The task - Go through the entries below. Copy each line in which "your" appears.

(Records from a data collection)
····················
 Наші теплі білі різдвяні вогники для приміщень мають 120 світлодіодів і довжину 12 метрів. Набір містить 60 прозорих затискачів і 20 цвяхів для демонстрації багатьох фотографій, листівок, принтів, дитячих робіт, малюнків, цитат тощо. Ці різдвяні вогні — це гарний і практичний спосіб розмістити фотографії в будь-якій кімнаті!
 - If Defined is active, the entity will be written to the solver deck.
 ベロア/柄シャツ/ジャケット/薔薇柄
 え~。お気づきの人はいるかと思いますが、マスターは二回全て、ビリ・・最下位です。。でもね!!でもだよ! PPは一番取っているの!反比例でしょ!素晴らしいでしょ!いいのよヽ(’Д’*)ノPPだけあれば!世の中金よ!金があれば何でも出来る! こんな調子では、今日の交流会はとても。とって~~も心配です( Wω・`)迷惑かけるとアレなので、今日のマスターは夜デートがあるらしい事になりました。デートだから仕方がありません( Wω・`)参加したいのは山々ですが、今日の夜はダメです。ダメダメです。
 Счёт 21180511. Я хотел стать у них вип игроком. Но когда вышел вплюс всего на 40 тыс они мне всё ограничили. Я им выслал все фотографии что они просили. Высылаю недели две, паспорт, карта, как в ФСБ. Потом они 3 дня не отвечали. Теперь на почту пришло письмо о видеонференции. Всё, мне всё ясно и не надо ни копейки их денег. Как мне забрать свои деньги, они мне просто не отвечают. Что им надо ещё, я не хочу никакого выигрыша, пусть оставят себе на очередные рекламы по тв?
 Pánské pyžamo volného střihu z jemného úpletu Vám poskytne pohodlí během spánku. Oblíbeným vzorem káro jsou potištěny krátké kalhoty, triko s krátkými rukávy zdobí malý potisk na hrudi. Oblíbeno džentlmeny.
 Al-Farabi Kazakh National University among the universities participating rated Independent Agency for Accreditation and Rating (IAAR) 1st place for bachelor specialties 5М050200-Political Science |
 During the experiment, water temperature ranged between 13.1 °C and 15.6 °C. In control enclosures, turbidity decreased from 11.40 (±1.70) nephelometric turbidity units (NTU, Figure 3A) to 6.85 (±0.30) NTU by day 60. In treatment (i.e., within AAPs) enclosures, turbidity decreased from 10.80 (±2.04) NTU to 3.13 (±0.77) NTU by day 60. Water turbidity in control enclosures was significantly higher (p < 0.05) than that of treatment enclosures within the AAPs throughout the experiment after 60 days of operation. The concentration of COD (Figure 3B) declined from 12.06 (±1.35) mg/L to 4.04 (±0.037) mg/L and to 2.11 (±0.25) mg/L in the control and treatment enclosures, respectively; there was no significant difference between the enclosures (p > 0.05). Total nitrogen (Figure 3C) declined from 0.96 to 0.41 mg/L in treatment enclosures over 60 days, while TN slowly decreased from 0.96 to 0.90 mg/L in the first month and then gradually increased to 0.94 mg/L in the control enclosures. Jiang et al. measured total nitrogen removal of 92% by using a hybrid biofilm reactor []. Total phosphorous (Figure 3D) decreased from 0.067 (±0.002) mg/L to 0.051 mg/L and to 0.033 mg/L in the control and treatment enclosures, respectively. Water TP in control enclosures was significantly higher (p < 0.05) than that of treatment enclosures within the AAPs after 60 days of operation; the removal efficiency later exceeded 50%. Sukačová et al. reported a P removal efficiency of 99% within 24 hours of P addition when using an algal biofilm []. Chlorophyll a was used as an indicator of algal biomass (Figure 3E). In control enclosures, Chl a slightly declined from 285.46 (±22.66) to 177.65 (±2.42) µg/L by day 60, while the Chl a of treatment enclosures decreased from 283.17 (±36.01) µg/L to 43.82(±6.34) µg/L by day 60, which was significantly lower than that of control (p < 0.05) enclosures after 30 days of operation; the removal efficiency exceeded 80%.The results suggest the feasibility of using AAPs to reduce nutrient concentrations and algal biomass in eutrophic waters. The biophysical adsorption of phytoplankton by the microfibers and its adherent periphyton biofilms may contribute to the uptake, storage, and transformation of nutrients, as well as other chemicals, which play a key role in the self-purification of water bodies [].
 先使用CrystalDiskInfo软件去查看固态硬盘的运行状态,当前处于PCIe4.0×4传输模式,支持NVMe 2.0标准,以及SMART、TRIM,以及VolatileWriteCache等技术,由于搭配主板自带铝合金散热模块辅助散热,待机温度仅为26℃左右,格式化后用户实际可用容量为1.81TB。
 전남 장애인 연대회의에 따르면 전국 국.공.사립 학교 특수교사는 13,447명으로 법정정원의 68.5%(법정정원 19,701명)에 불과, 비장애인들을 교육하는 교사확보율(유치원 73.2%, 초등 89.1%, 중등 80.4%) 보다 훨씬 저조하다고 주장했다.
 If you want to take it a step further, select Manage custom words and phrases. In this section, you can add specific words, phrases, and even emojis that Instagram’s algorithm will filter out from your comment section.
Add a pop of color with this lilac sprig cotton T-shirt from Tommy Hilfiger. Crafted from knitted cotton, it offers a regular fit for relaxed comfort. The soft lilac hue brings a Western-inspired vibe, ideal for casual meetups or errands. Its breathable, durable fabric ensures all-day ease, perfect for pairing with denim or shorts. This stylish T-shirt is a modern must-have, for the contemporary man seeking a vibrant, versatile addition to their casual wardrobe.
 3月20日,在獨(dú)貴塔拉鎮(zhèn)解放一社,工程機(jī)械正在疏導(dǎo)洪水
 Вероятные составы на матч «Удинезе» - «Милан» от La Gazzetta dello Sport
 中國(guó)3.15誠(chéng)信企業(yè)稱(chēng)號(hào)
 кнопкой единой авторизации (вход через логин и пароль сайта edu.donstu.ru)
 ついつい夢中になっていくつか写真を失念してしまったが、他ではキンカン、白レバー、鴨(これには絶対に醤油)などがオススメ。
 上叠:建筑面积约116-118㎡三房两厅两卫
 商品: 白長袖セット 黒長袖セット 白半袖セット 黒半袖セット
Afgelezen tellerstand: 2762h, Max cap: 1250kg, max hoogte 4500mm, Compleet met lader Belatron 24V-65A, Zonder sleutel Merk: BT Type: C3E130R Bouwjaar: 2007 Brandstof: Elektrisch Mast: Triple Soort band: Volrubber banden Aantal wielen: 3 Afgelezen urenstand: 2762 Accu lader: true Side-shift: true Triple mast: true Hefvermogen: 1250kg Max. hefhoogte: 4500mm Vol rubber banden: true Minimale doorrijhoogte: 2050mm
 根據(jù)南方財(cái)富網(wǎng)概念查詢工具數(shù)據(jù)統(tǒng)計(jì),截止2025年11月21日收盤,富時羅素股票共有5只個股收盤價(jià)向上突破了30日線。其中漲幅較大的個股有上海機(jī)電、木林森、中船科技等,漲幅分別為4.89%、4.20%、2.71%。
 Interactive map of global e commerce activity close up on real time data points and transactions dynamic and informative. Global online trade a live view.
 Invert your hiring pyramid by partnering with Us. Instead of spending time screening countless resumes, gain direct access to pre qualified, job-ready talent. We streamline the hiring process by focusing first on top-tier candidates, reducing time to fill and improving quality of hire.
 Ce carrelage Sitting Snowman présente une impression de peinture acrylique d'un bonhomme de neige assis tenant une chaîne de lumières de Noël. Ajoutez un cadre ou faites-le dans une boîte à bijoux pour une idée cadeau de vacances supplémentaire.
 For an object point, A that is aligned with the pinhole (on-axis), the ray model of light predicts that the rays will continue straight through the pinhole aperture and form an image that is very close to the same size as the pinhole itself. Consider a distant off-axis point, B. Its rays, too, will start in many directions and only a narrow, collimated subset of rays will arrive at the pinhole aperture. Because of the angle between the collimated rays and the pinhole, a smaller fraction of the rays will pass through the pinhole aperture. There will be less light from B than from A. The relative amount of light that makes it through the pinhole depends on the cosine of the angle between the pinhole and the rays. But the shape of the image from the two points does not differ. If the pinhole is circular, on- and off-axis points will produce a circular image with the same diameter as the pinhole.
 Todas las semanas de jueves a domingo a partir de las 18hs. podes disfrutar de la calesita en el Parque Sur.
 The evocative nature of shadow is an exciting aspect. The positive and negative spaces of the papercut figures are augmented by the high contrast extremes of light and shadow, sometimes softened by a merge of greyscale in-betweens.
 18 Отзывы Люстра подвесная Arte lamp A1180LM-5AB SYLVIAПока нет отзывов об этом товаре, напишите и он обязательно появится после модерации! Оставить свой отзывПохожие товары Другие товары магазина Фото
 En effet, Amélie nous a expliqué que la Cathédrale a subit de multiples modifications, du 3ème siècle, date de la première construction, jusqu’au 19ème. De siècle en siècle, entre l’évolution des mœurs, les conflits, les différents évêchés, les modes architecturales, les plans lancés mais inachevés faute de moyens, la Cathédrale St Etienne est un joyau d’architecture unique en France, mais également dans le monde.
····················
Response box -
 If you want to take it a step further, select Manage custom words and phrases. In this section, you can add specific words, phrases, and even emojis that Instagram’s algorithm will filter out from your comment section.
 Invert your hiring pyramid by partnering with Us. Instead of spending time screening countless resumes, gain direct access to pre qualified, job-ready talent. We streamline the hiring process by focusing first on top-tier candidates, reducing time to fill and improving quality of hire.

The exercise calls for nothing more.